The company has a research partnership with the University of California at Berkeley and is a member of the National Science Foundation’s Innovation Corps, which selects 3–5 startups per quarter to help identify problems. Xing has also secured investments from large companies, such as Baxter International and Edward-Elmhurst Health, and is applying for a National Institutes of Health grant to support clinical studies.

“I’m new to Chicago, but Booth and mHUB have helped me meet interesting people and build many great connections.”

— Tianyi Jonathan Xing

Finding Guidance and Support at Booth

Without a scientific background, Xing says he found it difficult at first to build a health-care startup. But in Booth classes, he’s identified ways to pinpoint the major needs of potential clients. This work guided the company in choosing IVF as a major target, and later applications in diabetes, allergies, and other conditions, says Xing.

At the same time Xing was admitted to Booth, NovaXS was admitted to the Chicago-based hardware manufacturing startup accelerator mHUB, which helps early-stage startups secure funding and prototyping resources.

“The two programs work so well together,” says Xing. “I’m new to Chicago, but Booth and mHUB have helped me meet interesting people and build many great connections.”

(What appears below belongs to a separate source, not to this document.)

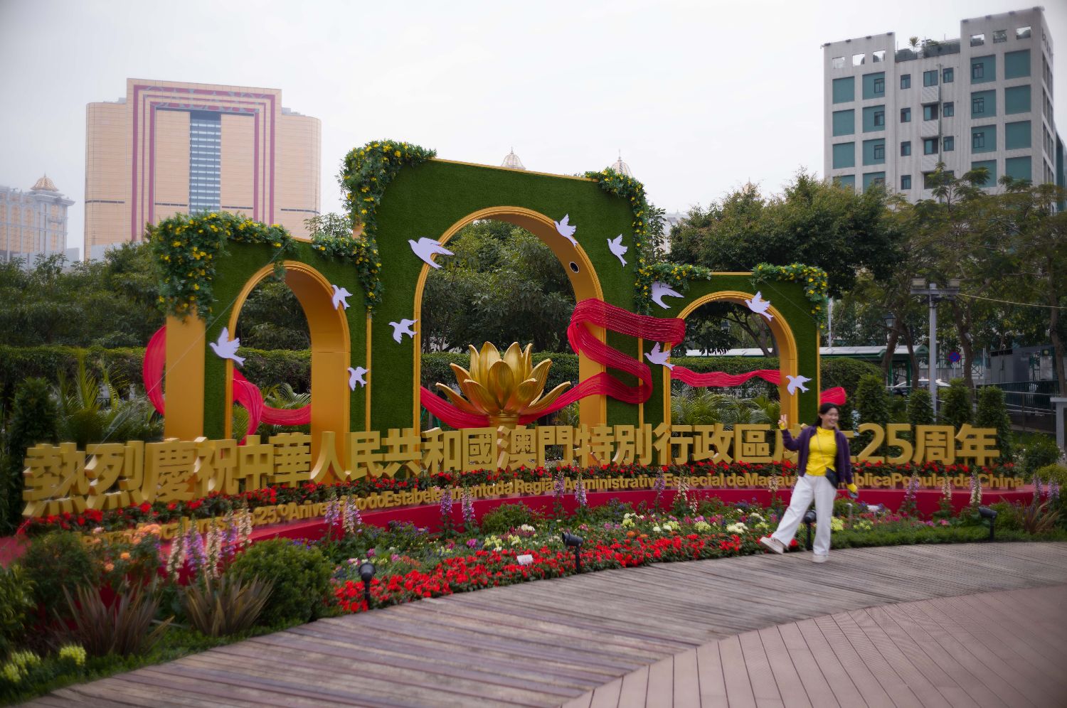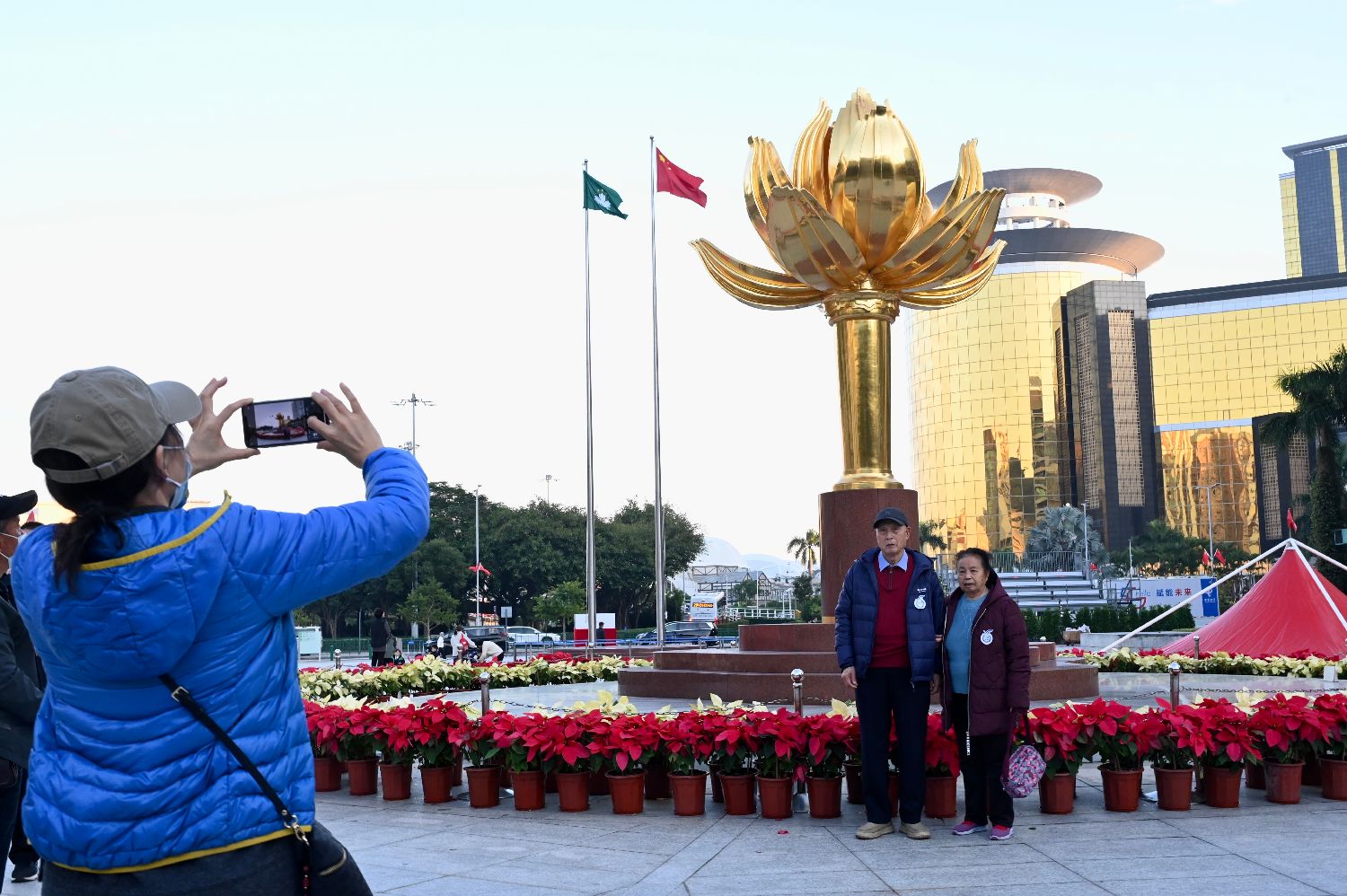 12月16日,游客在澳门回归纪念日前夕参观金莲花广场。中新社

Along with providing ways to network with alumni and current students, Booth also allowed him to find NovaXS’s next sales leader. In one of Xing’s early courses at Booth, Entrepreneurial Selling with Michael Alter, clinical professor of entrepreneurship, guest speaker Jim McAvoy became interested in NovaXS and joined the company. McAvoy has over 30 years of experience finding leads for health care and managed-care companies as president of JWMcAvoy & Company.

Xing looks forward to his company’s future developments.

“Research discovery in IVF and other medical areas has accelerated in the past 15 years, but we’re still at needles,” observes Xing. “During the COVID-19 pandemic, health care became more accessible at home, but there’s still no device providing treatment monitoring for these areas in remote health care. Our device can track treatment, and we’re excited to help patients.”